En la compañía de un café

Es una fría noche otoñal, caen las hojas secas, el viento sopla con más fuerza, en la compañía de un café me detengo a observar, me propongo dedicarle unos minutos a tantas emociones que guardo, muchas de ellas son para olvidarlas aunque en su origen está mi esencia, está mi fuerza interior.  Mi corazón guarda, a veces olvida, a veces se enciende y a veces se esconde, hoy todas aquellas manifestaciones han sido una realidad, un instante, un suspiro, hoy he callado, me he desentendido, he viajado, he escapado.

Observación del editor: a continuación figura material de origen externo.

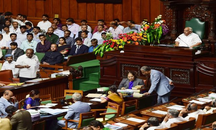 कर्नाटक में जारी सियासी घमासान का फिलहाल कोई हल निकलता नहीं दिख रहा है। उम्मीद थी कि शुक्रवार को विधानसभा में विश्वासमत के बाद स्थिति साफ हो जायेगी, लेकिन ऐसा नहीं हुआ। विश्वासमत हासिल करने की प्रक्रिया पूरी नहीं हो सकी और विधानसभा की कार्यवाही सोमवार तक के लिए स्थगित कर दी गई। विधानसभा अध्यक्ष के आर रमेश ने मुख्यमंत्री एच डी कुमारस्वामी से राज्य सरकार के प्रति विश्वास मत प्रस्ताव पर दूसरे दिन चर्चा जारी रखने को कहा। कुमारस्वामी ने आरोप लगाया कि भारतीय जनता पार्टी उनकी सरकार को अस्थिर करने में लगी है। इस बीच राज्यपाल वजुभाईवाला ने एक और पत्र लिखकर शुक्रवार को विश्वास मत हासिल करने को कहा। उन्होंने बताया कि विधायकों की खरीद फरोख्त की कई शिकायतें उन्हें मिली हैं। इन सबके बीच सदन में दोनों पक्षों के बीच हंगामा होता रहा।विधानसभा में चले इस सियासी नाटक के बीच मुख्यमंत्री कुमारस्वामी ने सुप्रीम कोर्ट याचिका दाखिल कर सवाल उठाया है कि सदन में विश्वास मत प्रस्ताव पर चर्चा के दौरान राज्यपाल कैसे निर्देश दे सकते हैं। कुमारस्वामी ने उच्चतम न्यायालय से उसके 17 जुलाई के आदेश के बारे में स्पष्टीकरण मांगा है, जिसमें कोर्ट ने कहा था कि बागी विधायकों को विश्वास मत के दौरान सदन की कार्यवाही में भाग लेने के लिए बाध्य नहीं किया जा सकता है।

Palabras del vientre confuso, palabras de la sangre ardiente que brota y recorre mi cuerpo, palabras del vientre confuso, palabras que en una mirada han sido abatidas, han sido despertadas.
De pronto tuve miedo, miedo de mirar más allá, miedo de encontrar un color eterno, miedo de saber que he navegado en un universo desconocido que no me pertenece; de pronto tuve miedo y evite mirar más allá, evite mantener la respiración, me sumergí para no ver, me sumergí para evitar respirar por un instante, para no sentir más allá de lo que me permito sentir.
En la compañía de un café me detengo y observo mis pies, observo mis manos, es una fría noche otoñal, una brisa me golpea el rostro, puedo alcanzar las estrellas desde la terraza de mi departamento central.  En la compañía de un café sacudo mi cabeza, me siento torpe por no poder hablar, por callar cuando he necesitado hablar, por bajar la mirada cuando en realidad he deseado mirar, adorar, abrazar; me siento torpe por lo parlanchín que soy ante las trivialidades de la vida y porque tan sereno y pasivo cuando he debido jugar, hablar, amar, abrazar y luchar por una eternidad.
Hay música en mis oídos, sonidos medievales que me llevan por una senda terrenal, por una ilusión y romanticismo que le es propio a los poetas, a los artistas y próceres de tanta revolución de paradigmas que ha enfrentado la vida moderna; es una ilusión y un romanticismo que invade mi alma, esta noche, en un recuerdo fresco, en un sentimiento inmenso.
Es una fría noche otoñal, quisiera tener tu voz callada calmando mi ansiedad, quisiera tener tus brazos para sanarme las heridas, quisiera tener tus ojos sinceros para verlos una vez más, para atreverme.
Es una fría noche otoñal, es una noche de lamentos, de franqueza interior, un poco de vergüenza, parezco ser un luchador, parezco buscar mis sueños, pero es una ilusión, es una idea.  Es una fría noche otoñal, se me escapan los sueños, abandono a quienes me necesitan, te abandono a ti antes de tenerte, abandono a mi alma, te abandono una vez más.